SRDTrans does not rely on any assumptions about the contrast mechanism, noise model, sample dynamics and imaging speed. Thus, it can be readily extended to other biological samples and imaging modalities (Supplementary Fig. 20), such as membrane voltage imaging, single-protein detection, light-sheet microscopy, confocal microscopy, light-field microscopy and super-resolution microscopy46,47,48,49,50,51. The limitation of SRDTrans lies in the basic assumption that neighboring pixels should have approximate structures. If the spatial sampling rate is too low to provide enough redundancy, SRDTrans would fail. Another potential risk is the generalization ability as the lightweight network architecture of SRDTrans is more suitable for specific tasks. We believe training specific models for specific data is the most reliable way to use deep learning for fluorescence image denoising. Therefore, a new model should be trained to ensure optimal results when the imaging parameter, modality and sample change.

As the development of fluorescence indicators heads towards faster kinetics to monitor biological dynamics at the millisecond scale52,53, the imaging speed required to record these fast activities is continuously growing. Obtaining adequate sampling rates is becoming more and more challenging for denoising methods relying on temporal redundancy. Our rationale is to fill the niche by seeking to utilize spatial redundancy as an alternative to enable self-supervised denoising in more imaging applications. Although the perfect case for spatial redundancy sampling is that the spatial sampling rate is two times higher than the Nyquist sampling of the diffraction limit to ensure that two adjacent pixels have nearly identical optical signals, the endogenous similarity between two spatially downsampled substacks is sufficient to guide the training of the network in most cases. However, this does not mean that the proposed spatial redundancy sampling strategy can fully replace temporal redundancy sampling, as the ablation study (Fig. 4f) shows that, if equipped with the same network architecture, the temporal redundancy sampling can achieve better performance in high-speed imaging. The superiority of SRDTrans over DeepCAD at high imaging speeds is actually attributed to the transformer architecture. In general, spatial redundancy and temporal redundancy are two complementary sampling strategies to enable self-supervised training of denoising networks for fluorescence time-lapse imaging. Which sampling strategy is used depends on which kind of redundancy is more sufficient in the data. It is noteworthy that there are still many cases where neither redundancy is sufficient to support current sampling strategies. Developing specific or more general self-supervised denoising methods is of persistent value for fluorescence imaging.

Methods

The spatial redundancy sampling strategy

In SRDTrans, we employed a spatial redundancy sampling strategy to produce training pairs. The detailed implementation for generating training pairs in SRDTrans is shown in Fig. 1b and Supplementary Fig. 1d. For each image inside an input training stack with H × W × T pixels (H, W and T are the height, width and length of the input image stack), we spatially divided it into many adjacent small patches with 2 × 2 pixels. Next, we randomly selected three adjacent pixels from each patch. The central pixel was used to compose the input substack and the two spatially adjacent pixels were used to compose the two target substacks. After traversing all patches, we can finally obtain three downsampled substacks with the size of H/2 × W/2 × T pixels. As the fluorescence signals of spatially adjacent pixels are closely correlated, the input substack and each target substack can be considered as two independent samples of the same underlying pattern. Thus, the input substack and the two target substacks can form two training pairs, which can be used for the self-supervised training of denoising networks (Supplementary Note 1).
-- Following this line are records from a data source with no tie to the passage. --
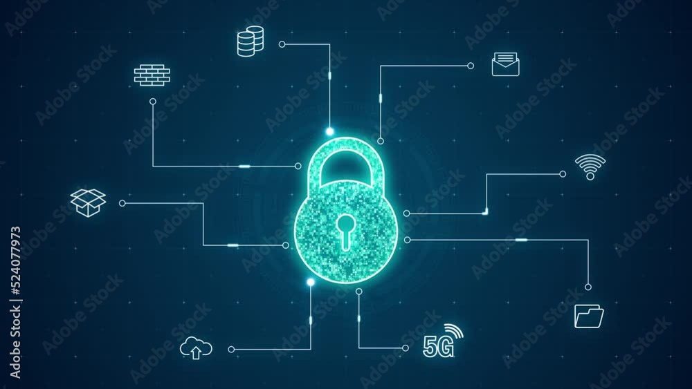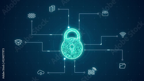 Motion graphic of blue security key with line connection and data transfer to futuristic icon technoWall mural
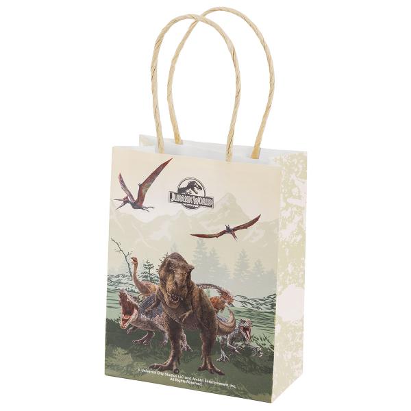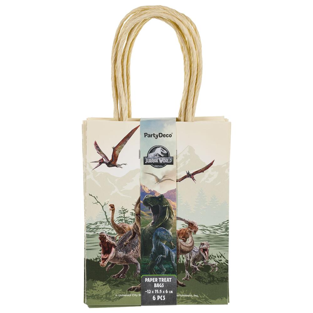 Jurassic World Presentpåsar 6-pack består av sex presentpåsar med motiv av olika dinosaurier, gröna bakgrundstoner och beige handtag.
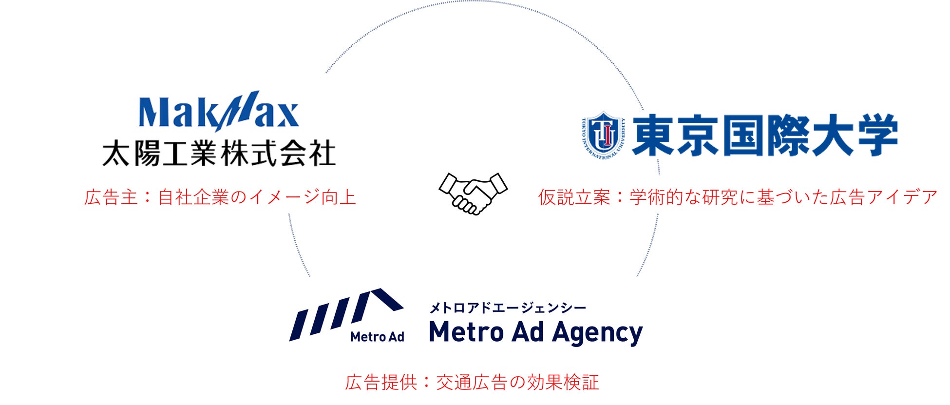 本研究は、東京国際大学商学部平木ゼミが仮説立案から調査を担当し、広告主として太陽工業、広告媒体の提供および全体プロデュースを担うメトロアドエージェンシーと連携することで実現しました。
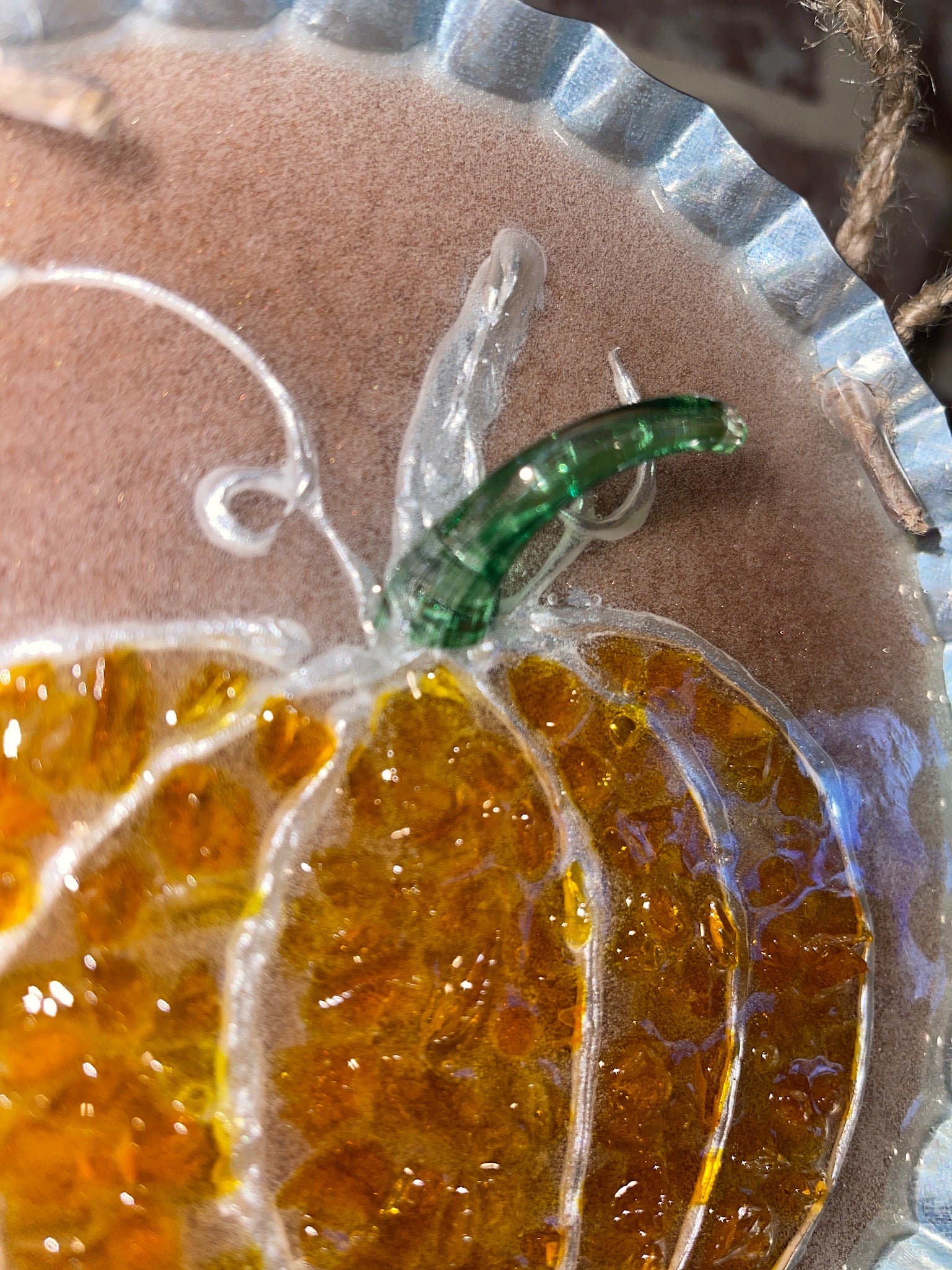 This beautiful little pumpkin has a silver outline & it is drizzled with broken glass. It is ready to hang for all your family and friends to admire. The inside is made up of an epoxy pour and then the entire inside is sealed with epoxy resin.
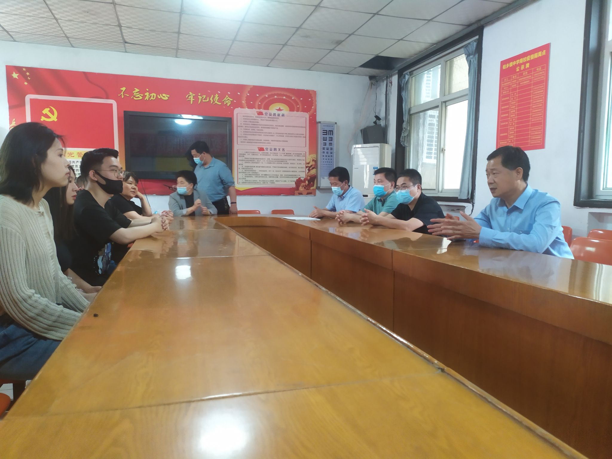 施书记每到一处都要嘱咐同学们:一要倍加珍惜这次难得的顶岗实习机会,多向实习学校优秀教师学习,在课堂教学、教学改革、班级管理、课外活动等多方面锻炼自己。二要服从实习学校和母校双重管理,模范遵守校规校纪,扮演好教师和学生双重角色。三要注意人身和财产安全,做好常态化疫情防控工作。在座谈中,学业指导教师卫三强对实习学生进行了专业方面的指导。
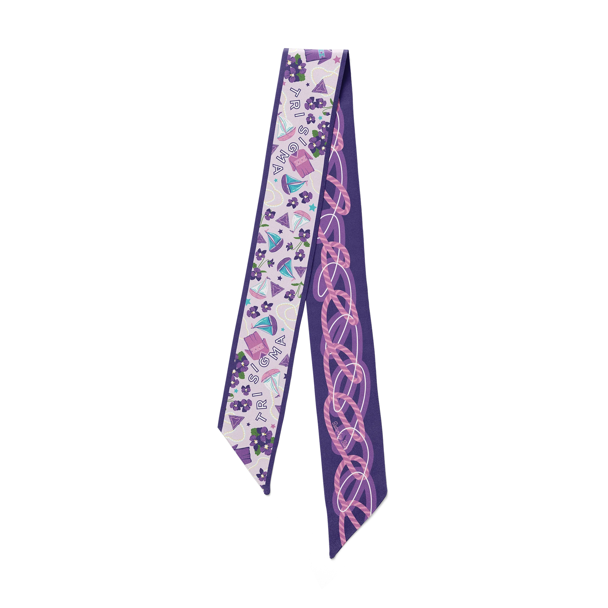 Elevate any look with this Tri Sigma Twilly Scarf, a versatile sorority accessory perfect for gameday. Weave it through a braid, wrap it around a ponytail, or tie it to your favorite everyday handbag for an instant chic boutique touch. Wear it as a bracelet, headband, or neck accent to proudly showcase your Tri Sigma pride wherever you go. Ideal for sorority gifts, gameday outfits, and trendy college fashion
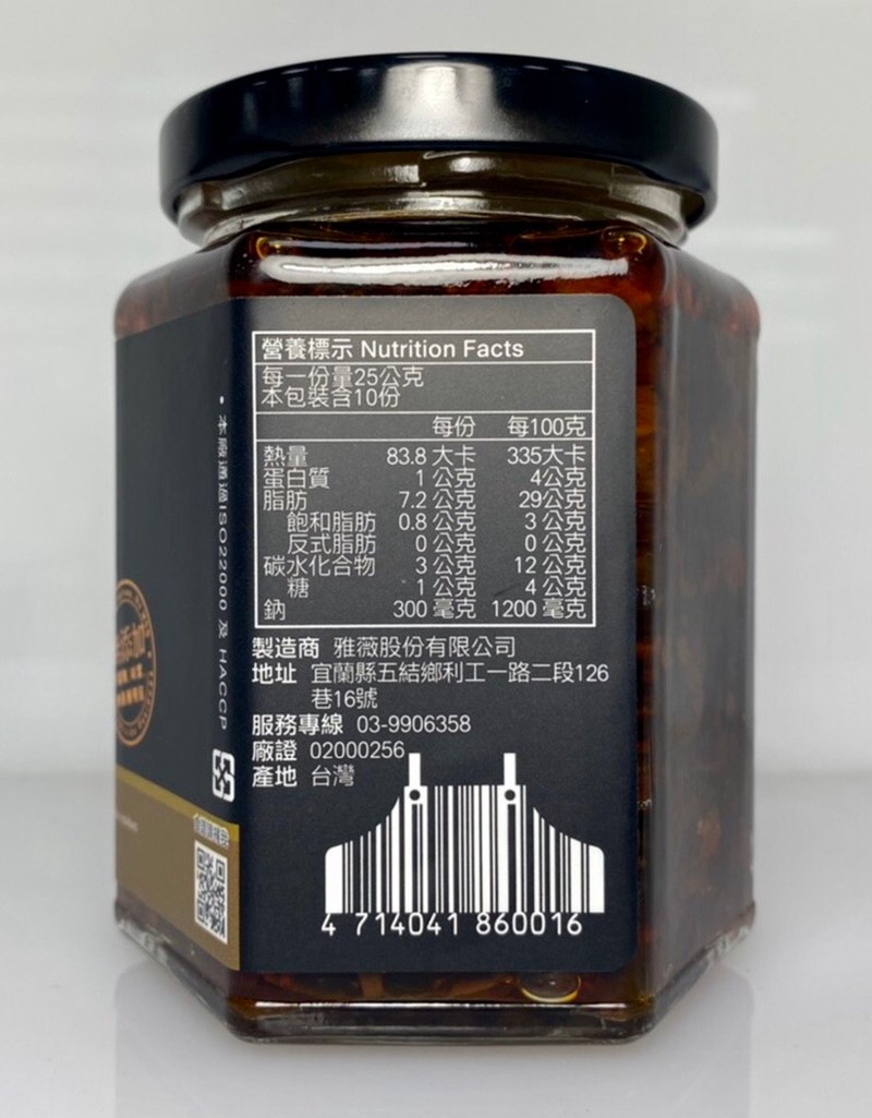 毓秀私房醬 蔥蒜醬 黃金葱油爆香 宜蘭三星蔥 無添加防腐劑 250g 1罐

Network architecture and loss function

The transformer architecture of SRDTrans is composed of three parts: a temporal encoder module, a spatiotemporal transformer block (STB) and a temporal decoder module (Fig. 1c). The temporal encoder module is equipped with two temporal encoders. Each temporal encoder can compress the temporal scale of the input substack by a factor of r (r is 4 in this work) using a convolutional layer with 3 × 3 kernels. In contrast to the U-Net-type architectures with many upsampling and downsampling operations, SRDTrans does not reduce the size of feature maps in these encoders (Supplementary Fig. 21). Thus, for an input substack with a size of H/2 × W/2 × T pixels, the output size of the temporal encoder module is H/2 × W/2 × T/r2. The output from the temporal encoder module will be fed into the STB to extract global information both in space and time. The STB contains a temporal transformer block and a spatial transformer block (Supplementary Fig. 22). Specifically, in the temporal transformer block, the input is divided into patches with the size of p × p × T/r2 (p is 7 in this work). These patches are first flattened into one-dimensional vectors and input into the position embedding layer, where spatial concatenation and linear transformation are performed. Two multi-head self-attention layers are then cascaded to extract temporal correlations inside the data. In the spatial transformer block, a Swin transformer block27 is adopted to capture fine-grained spatial features with high efficiency. Local features flow fully in multi-head self-attention layers and densely interact with long-range global features. Finally, the output of the STB is remapped by the temporal decoder module, and its temporal scale can be rescaled to T. This decompression operation is implemented by two cascaded temporal decoders using convolutional layers with 3 × 3 kernels.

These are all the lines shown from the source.